Amazon AI scientists are teaching its Alexa voice assistant to speak using the voice of any human – even those who have passed away – after being trained with just a few short audio clips.
Demonstrated for the first time at Amazon’s recent re:MARS 2022 event, the new feature is shown allowing a young boy to ask Alexa, “Can Grandma finish reading me The Wizard of Oz?”
The voice assistant then obliges, synthesising the deceased woman’s voice and reading the text aloud as the boy follows along in the book.
The technology is still in development but Rohit Prasad, Amazon senior vice president and head scientist for Alexa AI, positioned it as a way of adding personality and warmth to the generic voices of today’s AI voice assistants.
“One thing that has surprised me most about Alexa is the companionship relationship we have with it,” Prasad explained, noting that “in this companionship role, human attributes of empathy and affect are key for building trust.”
“These attributes have become even more important in these times of the ongoing pandemic,” he continued, “when so many of us have lost someone we love.”
“While AI can’t eliminate that pain of loss, it can definitely make their memories last.”
Building the technology required stepping back from the problem of conventional text-to-speech (TTS) engines that allow voice assistants to speak fluidly using voices trained on many hours of recordings by studio voice actors.
Instead, Prasad explained, the engineers approached the problem as a voice conversation task and analysed the prosody of the target voice – the non-linguistic aspects of the way we speak – to feed a personal voice filter enabling Alexa to speak in the target’s voice rather than its own.
“This required intervention where we had to learn to produce a high-quality voice using less than a minute of audio versus hours of audio in the studio,” Prasad said.
Your voice is their password
Amazon may be positioning the voice-mimicry technology as a sentimental favourite that is making AI-driven assistants more human-like, but the technology is sure to find short-term favour with criminals who have already been experimenting with the use of voice deepfakes to perpetrate major fraud.
In 2019, for example, a British CEO was tricked into sending over $330,000 ($US243,000) to a scammer that used AI technology to emulate the voice of the CEO of his German parent company.

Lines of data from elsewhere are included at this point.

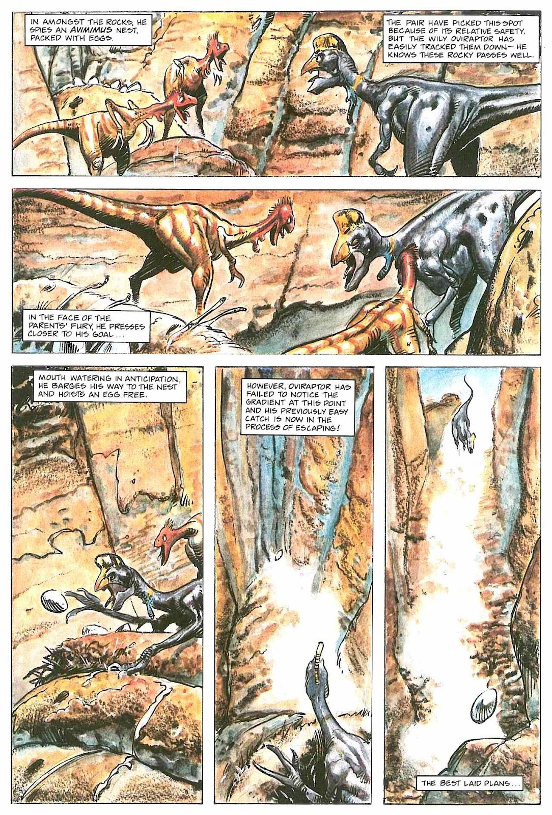 We're continuing Marvel's 1992 miniseries of dinosaur comics, Dinosaurs: A Celebration with the second issue (read here - at your own risk), this issue focusing on small theropods and sauropods. First, observe the Oviraptor (drawn by John Bolton) on the cover, and boy its excellent. it really nails the downright alien bird feel that oviraptorids had, helped by it resembling a macaw due to the stripes on the chees and general head colours. It's even got feathers on it, not too bad for 1992. The detail also deserves mention: notive the holes and scratches in the beak, or the texture of the feathers. Not to sure about the wide tongue though, as I lean more to it having a thin, immobile tongue. The weirdly vampiric-looking teeth (while accurate) are also off to me.
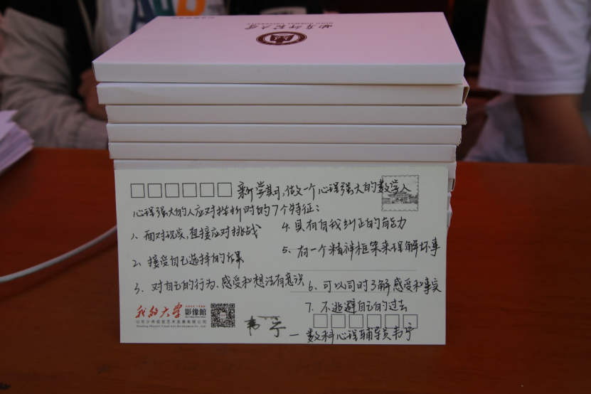学院心理指导老师韦宁表示:“讲座式、课题式的心理指导方式对同学们的触动感往往较弱、指导的实效性不高,如何真正让同学们正视心理问题,找到可倾诉对象是大学生心理指导的难点重点。因此此次尝试用轻松化、年轻化的盲盒方式准备心理锦囊,以校园明信片为媒,与同学们对话。”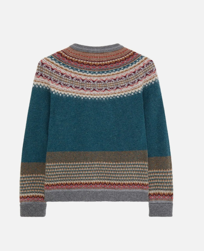 Our customers love the comfort and the luxury of the fine micron, woollen spun Merino yarn, the meticulous attention to detail, unique number of colours and construction of the beautiful Fairisle yoke.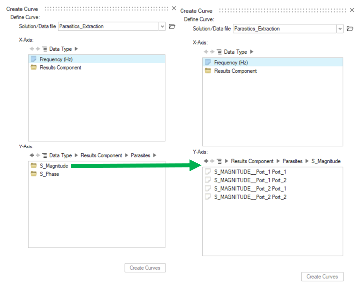 - For S-parameters, by importing in another System software the results exported from SimLab in one of the 2 available formats (options in Result Request to define before the solving):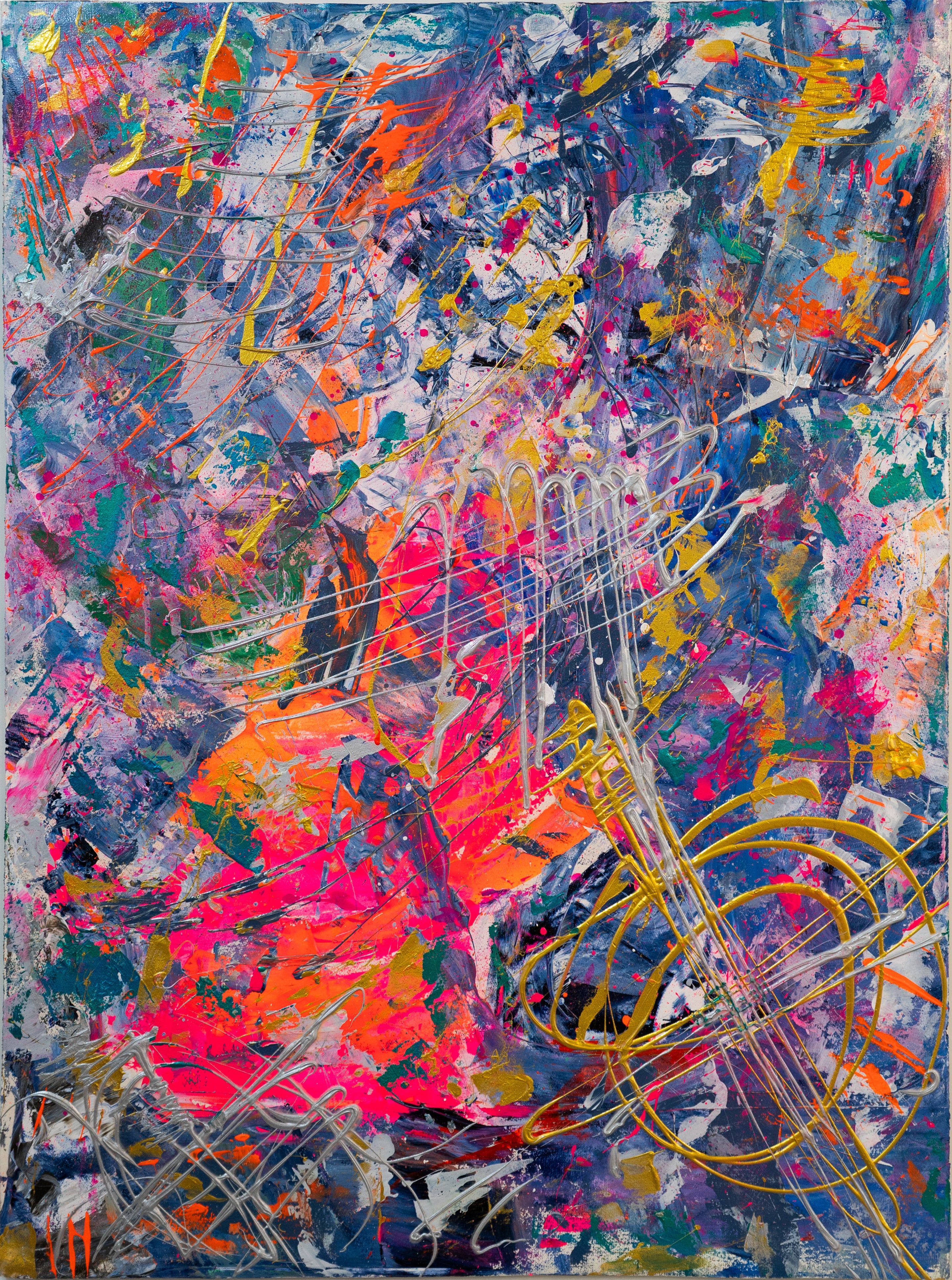 Seine überwiegend großformatigen Bilder stehen für ein ausdrucksstarke Abstraktion und die Fähigkeit, komplexe Emotionen und Gedanken auszudrücken. Großflächige Farbaufträge in verschiedenen Schichten erzeugen Tiefe und Textur. Darüber hinaus spielen Zufall und Unvorhersehbarkeit eine wichtige Rolle. Er setzt Farben und Materialien ein, die er vermutlich selbst nicht immer vollständig kontrolliert. Das Ziel sind einzigartige und unerwartete Effekte. Seine abstrakten Bilder haben eine beeindruckende Präsenz, die den Betrachter in ihren Bann zieht.

Such tactics are only likely to become more common over time as better voice mimicking technology hits the mainstream.
Using the techniques Prasad described, malicious actors could craft a convincing synthetic voice of a company executive, political dignitary or celebrity simply by training Alexa on part of a speech given at an annual general meeting, business function or other event.
The device could then be manipulated to speak all manner of convincing statements, which could be daisy-chained to facilitate fraud at a whole new level.
Ever-improving technology means such problems aren’t far off, with companies like Aflorithmic pairing ‘synthetic voice cloning’ with increasingly convincing visual deepfakes to produce synthetic humans that can – as in the case of the ‘Digital Dom’ synth launched last year – emulate real people with uncanny accuracy.
This could have implications in the metaverse, where fake voices could ultimately be ported into new environments to allow fraudsters to pretend to be almost anybody.
Ultimately, deepfake researcher and BT Young Scientist & Technologist of the Year winner Greg Tarr told Cybercrime Magazine, audio and video deepfakes are getting so good that online denizens will simply need to remain sceptical of anything they hear and can’t verify in the real world.
“As these technologies become more and more available to the public and you don’t need technical experience to make convincing fake people,” Tarr said.
“It will level out to the point where we cannot detect deepfakes – and that is something we’re going to have to get used to.”
“At that point,” he said, “we’re going to need to mature as a society rather than getting the technology mature, because there is a limit to that; we need to be less reliant on the information that we consume from unreliable sources.”